Hugo Rodríguez

Personal information
- Full name: Hugo Rodríguez Romero
- Date of birth: 30 December 1989 (age 35)
- Place of birth: Jerez de la Frontera, Spain
- Height: 1.82 m (6 ft 0 in)
- Position(s): Winger

Team information
- Current team: Racing Portuense

Youth career
- 2003–2004: Cádiz
- 2004–2008: Sevilla

Senior career*
- Years: Team / Apps / (Gls)
- 2008–2009: Sevilla C / 16 / (6)
- 2008–2012: Sevilla B / 78 / (7)
- 2012–2013: Osasuna B / 35 / (6)
- 2013–2014: Real Unión / 32 / (4)
- 2014–2015: La Hoya Lorca / 21 / (9)
- 2015–2016: Cádiz / 29 / (4)
- 2016: → Pontevedra (loan) / 13 / (1)
- 2016–2017: Mérida / 31 / (8)
- 2017–2018: Cartagena / 40 / (4)
- 2018–2019: Cultural Leonesa / 29 / (7)
- 2019–2021: San Fernando / 49 / (9)
- 2021–2023: Atlético Baleares / 40 / (3)
- 2023–2024: Marbella / 33 / (7)
- 2024–2025: Estepona / 24 / (1)
- 2025–: Racing Portuense / 1 / (0)

= Hugo Rodríguez (footballer, born 1989) =

Spanish footballer

Hugo Rodríguez Romero (born 30 December 1989), sometimes known simply as Hugo, is a Spanish footballer who plays for División de Honor Andaluza club Racing Portuense as a winger.

==Club career==
Born in Jerez de la Frontera, Andalusia, Rodríguez graduated with Sevilla FC's youth setup. He made his senior debuts with the C-team in the 2008–09 campaign, in Tercera División.

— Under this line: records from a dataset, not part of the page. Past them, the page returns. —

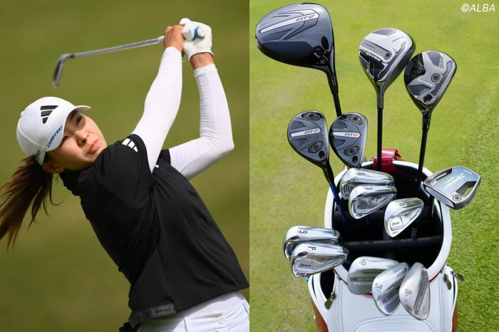 ドライバーは、開幕当初から変わらずタイトリスト『GT2』(9度)を使用。シャフトは『24 ベンタスブルー』から『スピーダーNX ブラック 50SR』に変更していた。ヘッドについては「ミスヒットに対する許容性が高く、最大限のスピードパフォーマンスを引き出してくれる」と以前、本人が語っている。『スピーダーNX ブラック』は手元がやや軟らかく、先中調子でつかまりの良いモデル。「歴代『NXシリーズ』の中でも最も先調子に近く、しなり量が大きいため飛距離性能の高さが特徴です」(クラブフィッターの吉川仁氏)。フェアウェイウッドは3Wに『Qi35』、5Wに『Qi35ツアー』を採用。クラブ長が長くロフトの立った3Wはスタンダードモデルを使用し、ロフトが寝てクラブ長が短い5Wでは操作性の高いツアーモデルを組み合わせている。その下には、5Iを抜いて4U・5Uのタイトリスト『GT2』(21度・24度)を投入。高い直進性と寛容性を発揮し、長い距離でも安定した弾道をもたらすチョイスだ。アイアンは4月に投入したセットから変更なし。6Iにはやさしめの軟鉄鍛造モデル『スリクソン ZXi5』を、7I〜PWには操作性の高い『スリクソン ZXi7』を採用している。渋野は4月の時点で「ラフでも抜けやすいように、少しシャープな形状の『ZXi7』に替えました」とコメントしている。アイアンシャフトは『MCI 80R』を使用。「カーボン特有のしなりがボールを拾いやすくするうえ、方向性が安定しているシャフト。フレックスRを選択することで、よりしなりを得られやすいでしょう」(吉川氏)。ウェッジは50度・54度で『ボーケイ SM10』、58度では『ボーケイ ウェッジワークス』を使用。58度はKグラインド(幅広ソール)で、ソールが滑るように動くためダフりにくく、安定したアプローチが可能だ。注目すべきは、ウェッジにカーボンシャフト『MCI 90R』を採用している点。女子ツアーでは尾関彩美悠らもカーボンシャフトを使用しており、しなりを活かして距離感を合わせやすく、ミスヒットにも強いのが特徴だ。パターは、岩井明愛らも使用するスパイダーシリーズの『スパイダー ツアーV V7』を投入。完全なフェースバランスではなく、わずかに重心角を持たせているため、小さいフェースターンでストロークできるのがメリットとなる。久しぶりの国内ツアー参戦となる渋野。新たなシャフトセッティングで、どんなプレーを見せてくれるのか注目が集まる。【渋野日向子のクラブセッティング】1W:タイトリスト GT2(9度/スピーダーNX ブラック 50SR)3W:テーラーメイド Qi35(15度/スピーダーNX ブラック 50SR)5W:テーラーメイド Qi35ツアー(18度/スピーダーNX ブラック 50SR)4・5U:タイトリスト GT2(21・24度/ベンタスブルーHB 7S)6I:スリクソン ZXi5(MCI 80R)7I〜PW:スリクソン ZXi7(MCI 80R)50・54度:タイトリスト ボーケイSM10(MCI 90R)58度:タイトリスト ボーケイ ウェッジワークス(MCI 90R)PT:テーラーメイド スパイダー ツアーV V7BALL:スリクソン Z-STAR XV◇ ◇ ◇人気アイアンを調査。関連記事『79mm前後に人気モデルが集中! 最新アイアンの性格は“ブレード長”で8割決まる【アイアン41モデル比較】』を読めば、その秘密がわかる。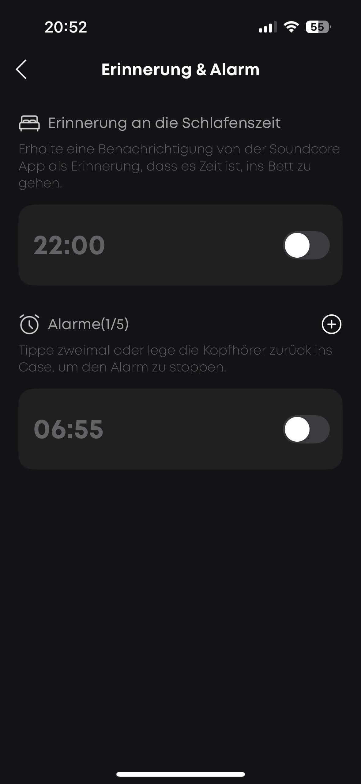 Ihr könnt zwei Alarme einstellen. Den ersten, um ins Bett zu gehen, einen zweiten zum Aufwachen. Das ist ganz im Sinne einer gleichbleibenden Abend- und Morgenroutine. Ihr könnt festlegen, ob der Sound im lokalen Modus weiterspielt, wenn ihr eingeschlafen seid, oder einfach stoppt.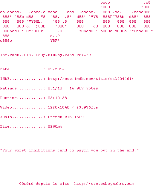 Le commentaire de Un membre qui nexiste plus Commente par un visiteur, Le Lundi 21 Octobre 2013 à 16h38 Encore un suspens du quotidien pour Farhadi, de nouveau une réussite, même si je préfère ses films iraniens. 9 / 10 1 0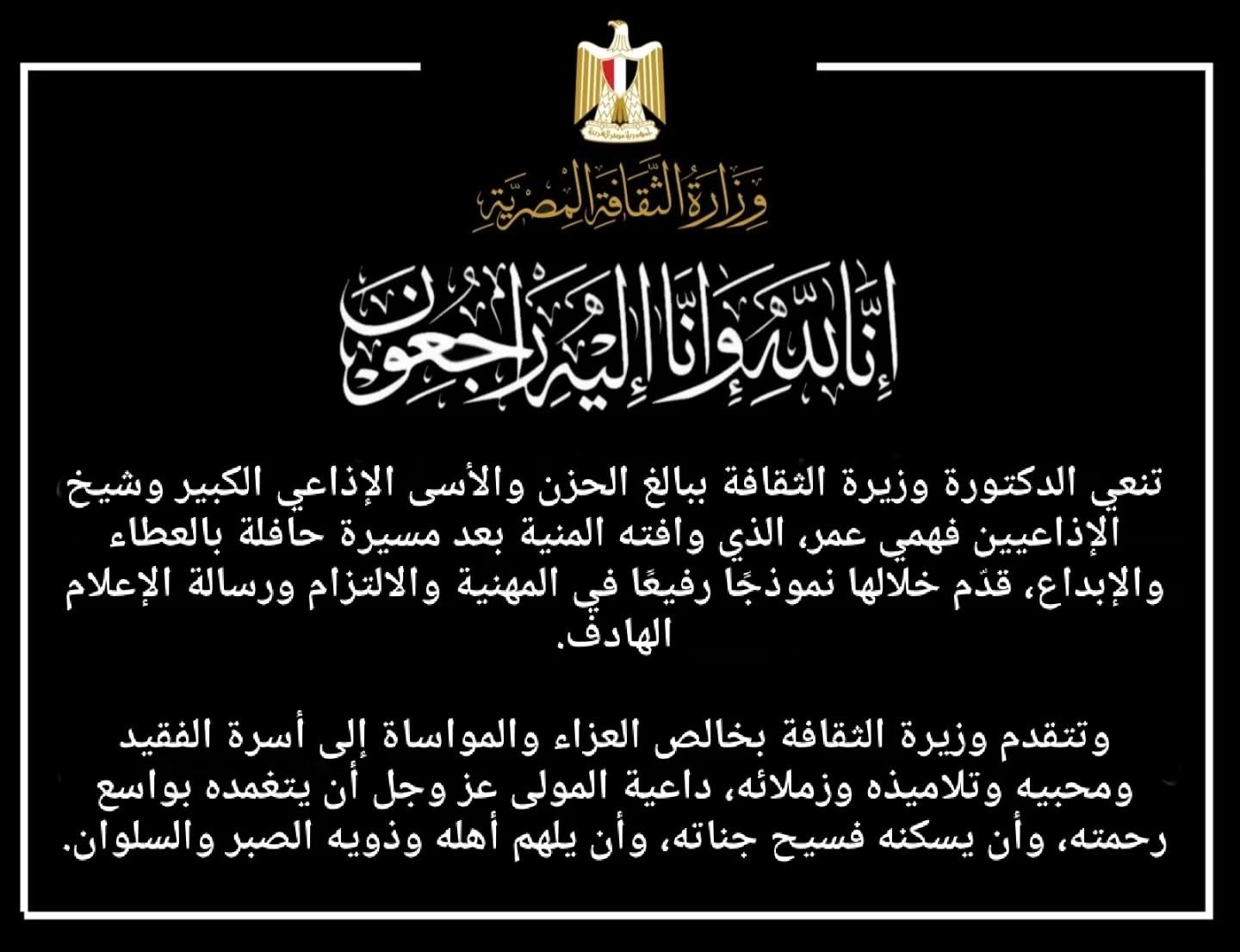 تنعي الدكتورة جيهان زكي، وزيرة الثقافة، ببالغ الحزن والأسى الإذاعي الكبير فهمي عمر، شيخ الإذاعيين، الذي رحل عن عالمنا بعد رحلة طويلة من العطاء المهني والإبداع الإعلامي، ترك خلالها بصمة راسخة ونموذجًا يُحتذى في الالتزام والرسالة الإعلامية الهادفة.

On 22 November 2008 Hugo played his first match as a professional, playing the entire second half and scoring the reserves' only in a 1–2 home loss against Xerez CD in the Segunda División championship. He appeared in 23 matches, with his side being relegated.

On 17 May 2012, after appearing regularly for Sevilla Atlético in Segunda División B, Rodríguez moved to another reserve team, CA Osasuna B also in the third level. He subsequently resumed his career in the same division, representing Real Unión, La Hoya Lorca CF, Cádiz CF, Pontevedra CF (on loan), Mérida AD, FC Cartagena and Cultural y Deportiva Leonesa.

On 17 August 2024, Rodríguez signed with Estepona in Segunda Federación.